(Records excerpted from a collection)
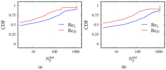 The Stokes number of the agglomerates at the moment of release is about 0.67 or 1.34 for the low and the high Reynolds number, respectively. Note that this Stokes number is built on the convective characteristic time scale . If the viscous time scale is used instead, the corresponding values are 9.84 and and 31.53. Note that in this case, refers to the friction velocity computed in the periodic pipe simulation at the corresponding Re number.
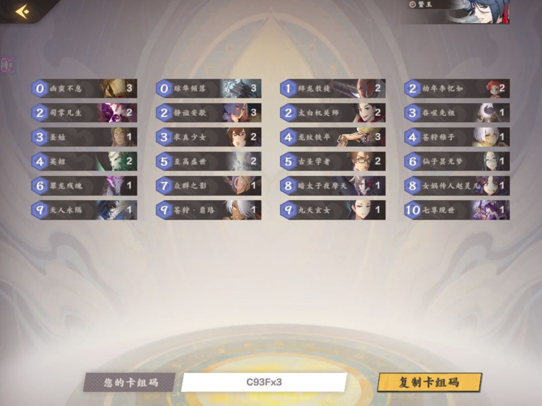 2 凶蛮不息:首先是对冲琼华过牌来补充疲劳;其次是回收1张(充能3张)部署资源,带的高费部署都是回复或解场异能,回收的时候不一定执着于高费牌,6费及以上7张都是橙红且一张,5费2张513,4费6张(2张英招,3张龙纹,1张稚子),3费1张圣姑+2张少女,2费及以下6张。结合玄女,977,灵儿,太子等这些高费牌在实际对局中的使用,其实回收的主要费率集中在456;第三点,琼花过牌,也会爆牌,爆进墓的部署实现回收,看起来和前两点类似,但出发点有差别。
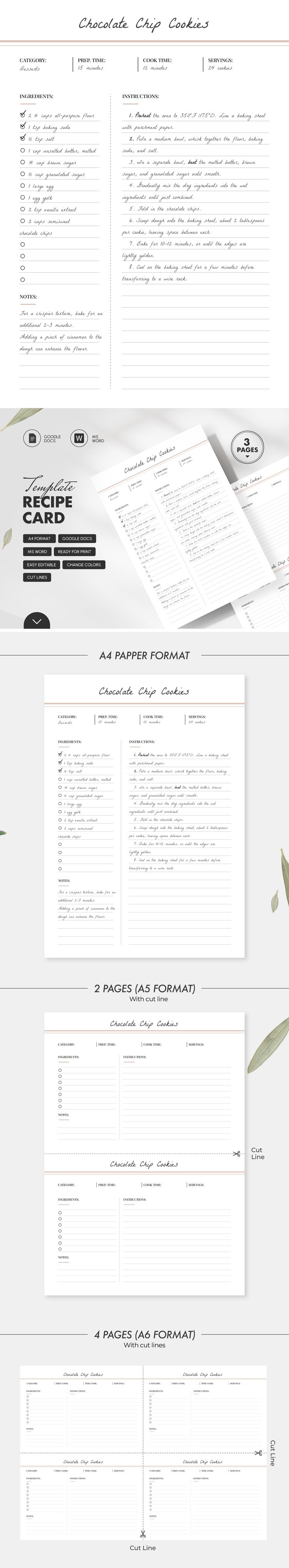 Our Google Sheets recipe template is available in A4, A5, and A6 formats with cut lines. Edit online with a manuscript or machine fonts, or inscribe it all by hand - it's up to you. Give it a try — it is perfect for your cookbook!
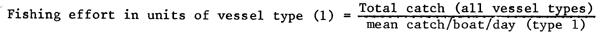 (2) Fishing effort: given one or more uniform boat types fishing the same fishing gear, one category can be chosen as standard, and the total effort exerted by all vessel categories per month can be obtained from an estimate of its landings per month, as follows:
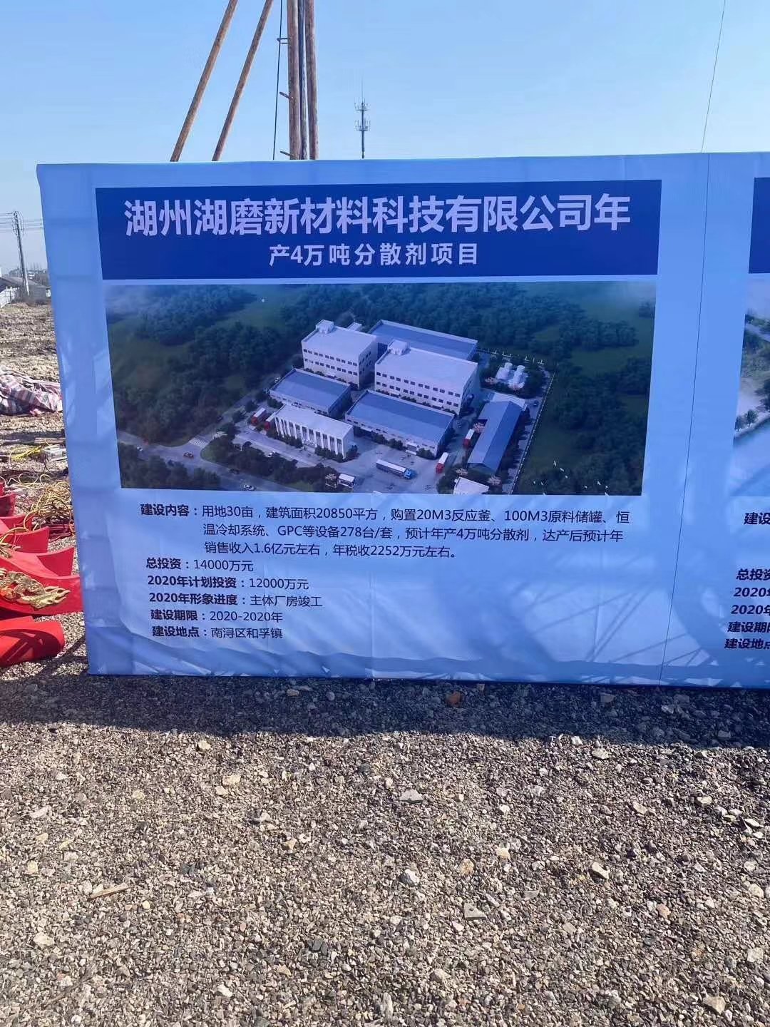 另悉,總投資1.4億元湖州湖磨新材料科技有限公司年產4萬噸分散劑項目也同期開工。

What is being asked: Leaving out the pictures, return exactly the lines from the one that contains "(2) Fishing effort: given" through the last line of the records above, inclusive.

Result of this exercise:
 (2) Fishing effort: given one or more uniform boat types fishing the same fishing gear, one category can be chosen as standard, and the total effort exerted by all vessel categories per month can be obtained from an estimate of its landings per month, as follows:
 另悉,總投資1.4億元湖州湖磨新材料科技有限公司年產4萬噸分散劑項目也同期開工。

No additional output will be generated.